GoekeLab / xpore

Identification of differential RNA modifications from nanopore direct RNA sequencing
https://xpore.readthedocs.io/
MIT License
132 stars 22 forks source link

Typical run time and file size #43

Closed callumparr closed 3 years ago

callumparr commented 3 years ago

Do you have any rough estimate for run time and also expected file size.

My hdf5 is generated and round 100Gb but the data.json file has been running for 2 days and is creeping up to 600Gb. Eventalign file from nanopolish is close to 300Gb. I am little worried what the sys.admin will say. Ideally I like to keep the files for later if I need to run diff.mod again. Do you normally reduce the number of reads to consider per transcript?

Library size is around 2M total reads and around 1.5M passed basecalled reads.

Is this expected file sizes?

ploy-np commented 3 years ago

We have improved the xpore-dataprep script to run faster and require less storage space. But it's in the "fastdataprep" branch. In my experiment, with the new script, it took 4 hours using 1 CPU, 5GB memory for 890,267 reads. For the outputs, it first processed 196GB nanopolish_eventalign.txt into 26GB nanopolish.combine then created 3.5 GB data.json.

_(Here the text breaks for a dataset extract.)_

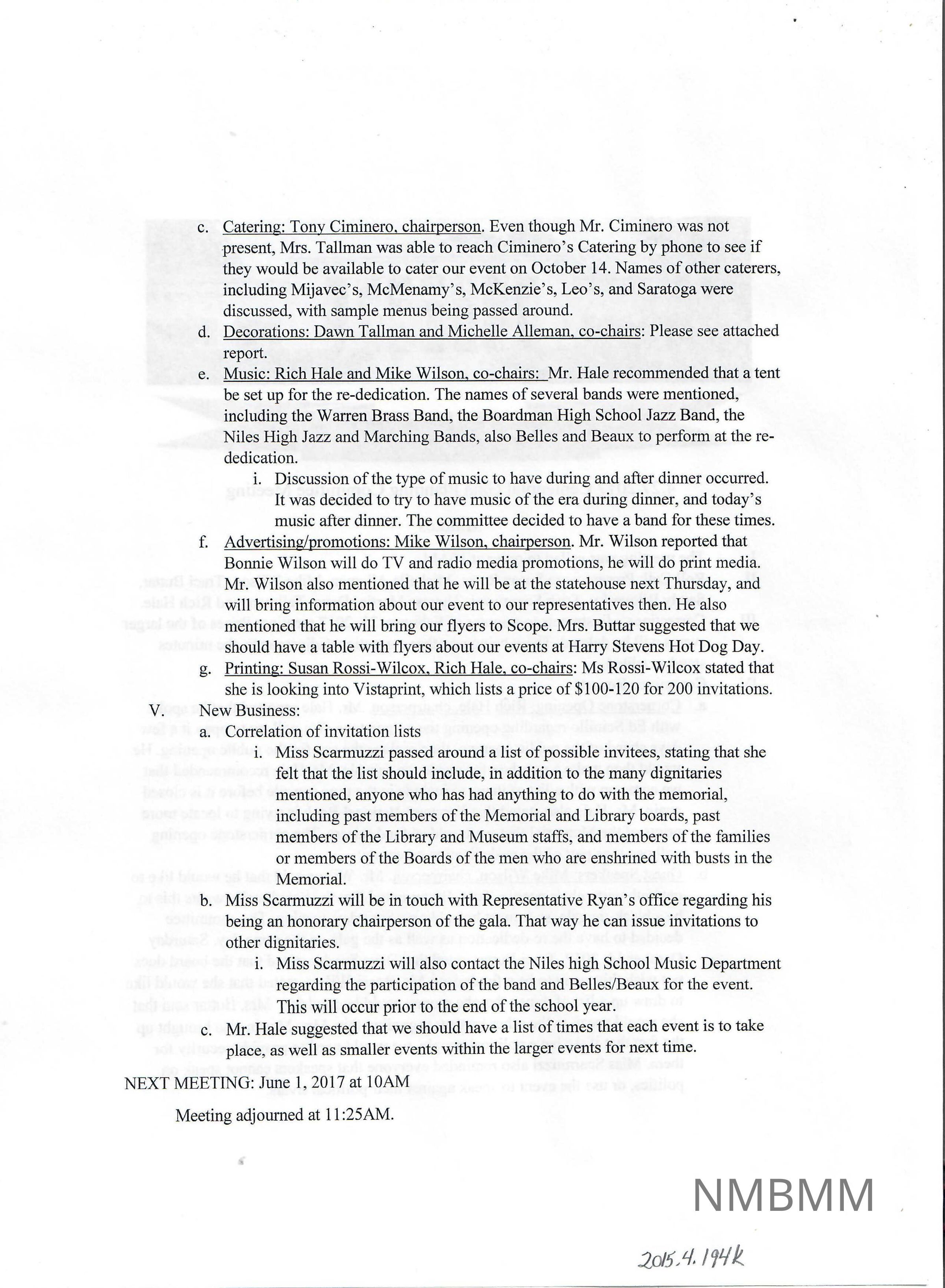 i. Miss Scarmuzzi will also contact the Niles high School Music Department regarding the participation of the band and Belles/Beaux for the event. This will occur prior to the end of the school year.

callumparr commented 3 years ago

Oh cool, that's an impressive reduction. Is that with the --genome added or still considering all transcripts?

ploy-np commented 3 years ago

I tried with the --genome flag, but the performance should be the same without this flag. This was done with the parameters --readcount_min 15 --readcount_max 1000, which is sufficient for xpore-diffmod.

ploy-np commented 3 years ago

Noted that even with the --genome flag, the software still considers all transcripts.